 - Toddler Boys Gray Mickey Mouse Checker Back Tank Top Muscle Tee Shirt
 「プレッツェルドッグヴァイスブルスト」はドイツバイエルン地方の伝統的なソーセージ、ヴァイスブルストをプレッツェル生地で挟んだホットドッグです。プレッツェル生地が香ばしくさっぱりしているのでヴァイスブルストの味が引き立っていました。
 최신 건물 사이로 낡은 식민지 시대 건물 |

...

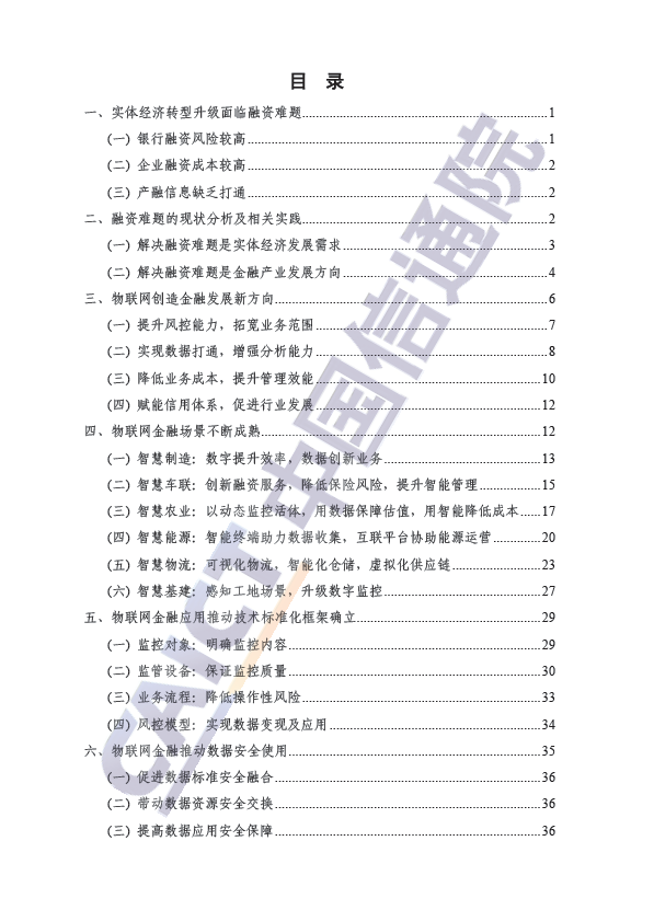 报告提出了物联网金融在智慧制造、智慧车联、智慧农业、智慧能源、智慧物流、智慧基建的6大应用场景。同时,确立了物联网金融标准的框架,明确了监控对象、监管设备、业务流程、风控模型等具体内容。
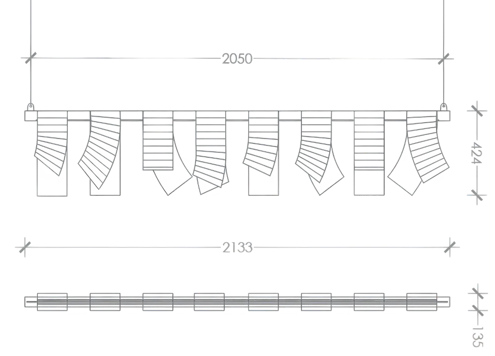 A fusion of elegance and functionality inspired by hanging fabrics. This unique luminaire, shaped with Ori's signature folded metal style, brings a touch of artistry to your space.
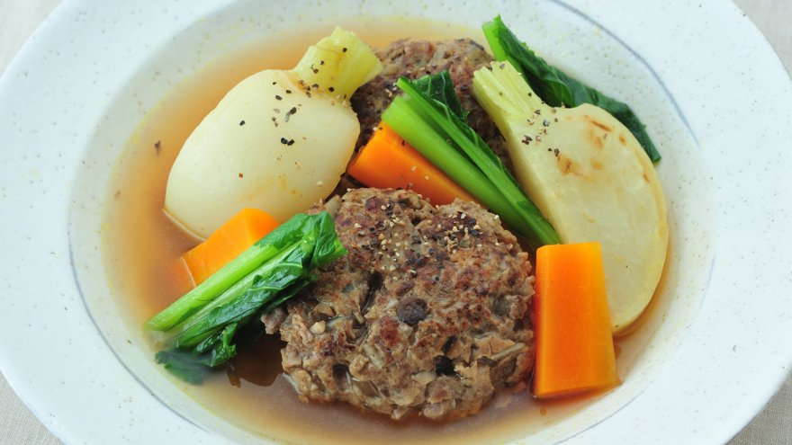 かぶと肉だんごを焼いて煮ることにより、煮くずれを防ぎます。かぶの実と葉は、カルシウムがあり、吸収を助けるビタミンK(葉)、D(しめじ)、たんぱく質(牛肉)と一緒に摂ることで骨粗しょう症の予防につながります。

...

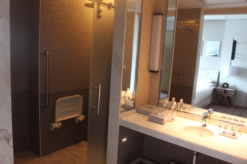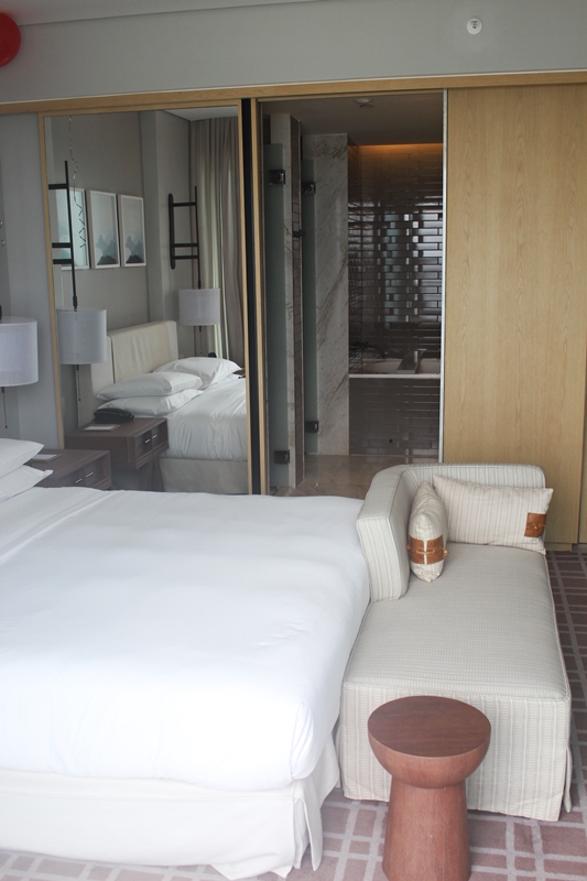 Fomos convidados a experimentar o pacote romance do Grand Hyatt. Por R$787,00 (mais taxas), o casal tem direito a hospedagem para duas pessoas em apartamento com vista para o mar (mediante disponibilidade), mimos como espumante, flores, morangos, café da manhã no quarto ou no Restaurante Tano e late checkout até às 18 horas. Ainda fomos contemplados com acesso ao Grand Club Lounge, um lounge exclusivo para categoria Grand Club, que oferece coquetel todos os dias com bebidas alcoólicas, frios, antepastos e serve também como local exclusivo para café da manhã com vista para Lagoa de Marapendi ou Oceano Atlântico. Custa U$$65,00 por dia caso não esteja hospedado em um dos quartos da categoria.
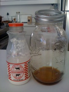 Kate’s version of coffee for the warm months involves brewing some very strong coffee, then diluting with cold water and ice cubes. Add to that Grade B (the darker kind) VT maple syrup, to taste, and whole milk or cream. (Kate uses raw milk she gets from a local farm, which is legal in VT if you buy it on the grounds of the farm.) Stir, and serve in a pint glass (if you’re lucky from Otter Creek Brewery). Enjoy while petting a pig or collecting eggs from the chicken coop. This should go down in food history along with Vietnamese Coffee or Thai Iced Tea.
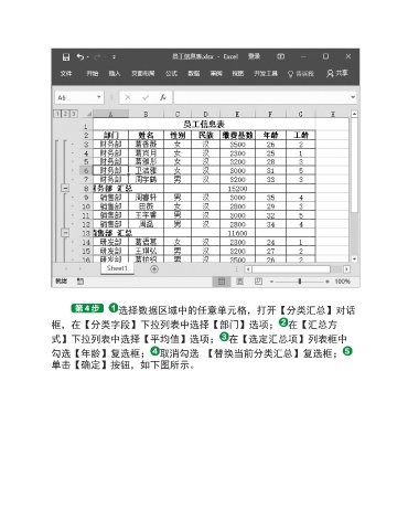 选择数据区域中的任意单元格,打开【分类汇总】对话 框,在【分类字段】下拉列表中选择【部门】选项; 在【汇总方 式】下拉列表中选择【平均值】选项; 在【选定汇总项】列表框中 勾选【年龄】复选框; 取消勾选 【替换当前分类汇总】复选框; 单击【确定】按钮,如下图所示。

» Aim of the exercise:
Copy the lines above exactly, beginning at the line that has "- Toddler Boys" and stopping after the line that has "최신 건물 사이로 낡은 식민지 시대 건물 |", and omit the rest.

» Output for this exercise:
 - Toddler Boys Gray Mickey Mouse Checker Back Tank Top Muscle Tee Shirt
 「プレッツェルドッグヴァイスブルスト」はドイツバイエルン地方の伝統的なソーセージ、ヴァイスブルストをプレッツェル生地で挟んだホットドッグです。プレッツェル生地が香ばしくさっぱりしているのでヴァイスブルストの味が引き立っていました。
 최신 건물 사이로 낡은 식민지 시대 건물 |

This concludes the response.